3. collector module (3) according to claim 1 or 2, wherein a plurality of collector modules (3) can be added without gaps to a surface (12).

4. collector module (3) according to any one of the preceding claims, in which a vertical arrangement of the focal line (f) is provided and a plurality of collector modules (3) are arranged vertically one above the other and form a tower (14).

5. collector module (3) according to any one of the preceding claims, wherein for the uniaxial tracking to the sun either a horizontal pivot axis (x), which follows the elevation angle of the sun, or a vertical axis of rotation (y), which follows the azimuth angle of the sun, is provided.

6. collector module (3) according to any one of the preceding claims, wherein the baseline (11) of a collector module (3) has two extreme positions (M) and with respect to a horizontally or vertically arranged focal line (f) has a slope.

7. collector module (3) according to any one of the preceding claims, wherein as support system (32) for a reflector surface (1) a rigid shell (320), a tensile membrane (321), a cable net (324), a prestressed, concavely curved Tube (322) made of foil or a pneumatically prestressed, convexly curved tube is provided.

8. collector module (3) according to any one of the preceding claims, which has a support system (32) in which a zugbeanspruchtes cable net (324) or a zugbeanspruchte membrane construction (321) and a pressure-loaded construction cooperate as a clamping frame.

9. collector module (3) according to any one of the preceding claims, wherein the aperture (a) has a constant or alternating cross-section and through a transparent cover

(15) is protected.

10. collector module (3) according to any one of the preceding claims, wherein the reflector surface (L) is adapted to focus the beam of the sun by a single reflection on the reflector surface (1) on the receiver element (2).

11. Collector module (3) according to one of the preceding claims, wherein the receiver element (2) has a parabolic trough-shaped, with the reflector surface (1) cooperating secondary mirror (213) is associated, which is adapted to the reflector surface (1). focus focused light on the receiver element (2).

12. collector module (3) according to one of the preceding claims, wherein the reflector surface (1) in the region of the baseline

(11) has flow openings for limiting the wind load.

13. collector module (3) according to any one of the preceding claims, wherein the receiver element (2) comprises an absorber tube (20) carrying a selective coating (200) and is adapted to be traversed by a heat transfer fluid (201), and which is surrounded by a transparent envelope tube (202) being provided between the absorber tube (20) and the cladding tube (202) is a vacuum.

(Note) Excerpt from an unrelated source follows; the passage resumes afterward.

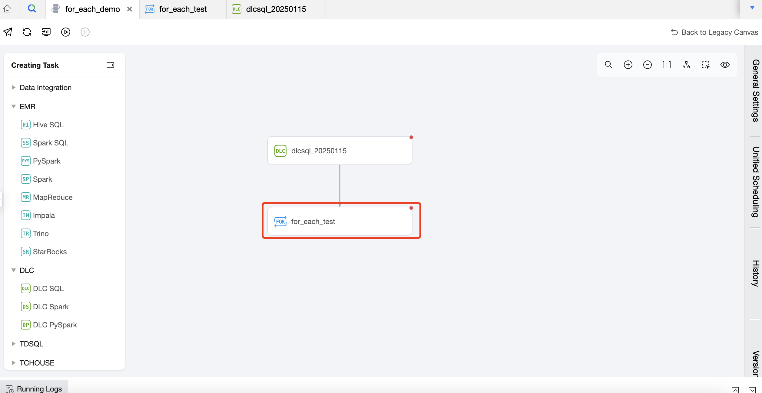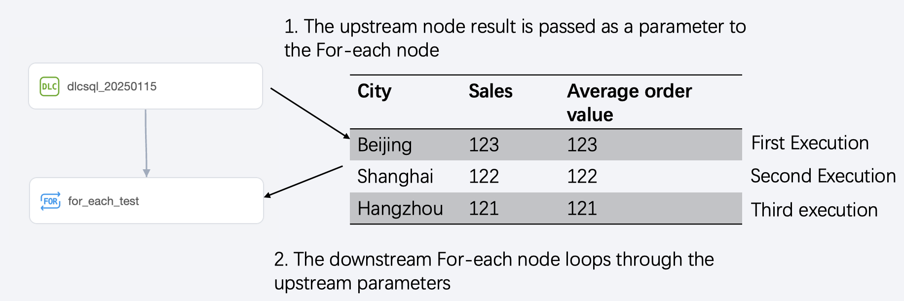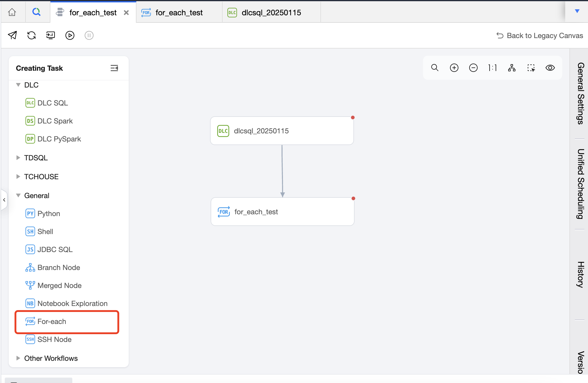1. Create a For-each node in the workflow and suggest an upstream and downstream relationship with the DLC SQL task.
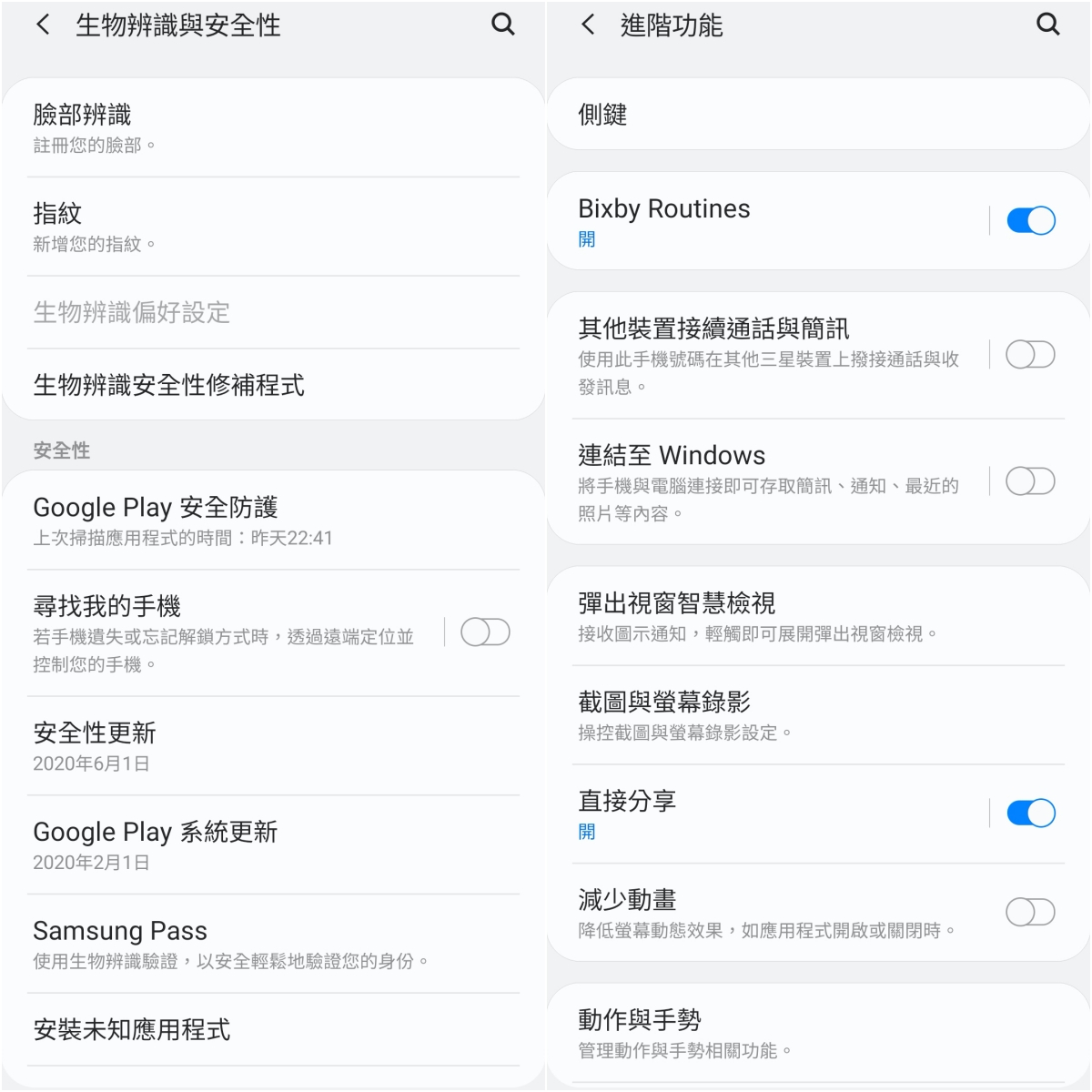 安全性的部份支援臉部辨識、指紋辨識,可用於 Samsung Pay 等行動支付使用,另外在進階功能也可以設定側邊按鍵、截圖及螢幕錄影等相關功能。

14. Collector module (3) according to one of the preceding claims, wherein the receiver element (2) photovoltaic cells (21), which are designed as single, tandem, triple, or quinto solar cells and with a support tube (210) indirectly are connected via a heat conducting surface (212) directly or indirectly connected, which support tube (210) is adapted to a passage of a cooling liquid (211) to enable.

15. Collector module (3) according to one of the preceding claims, which is designed as a photovoltaic collector module (31) with a support tube (210), wherein a lateral surface of the support tube (210) carries PV cells (21) and as part of the support system (32 ) of a collector module (3) simultaneously forms the tower of a wind turbine.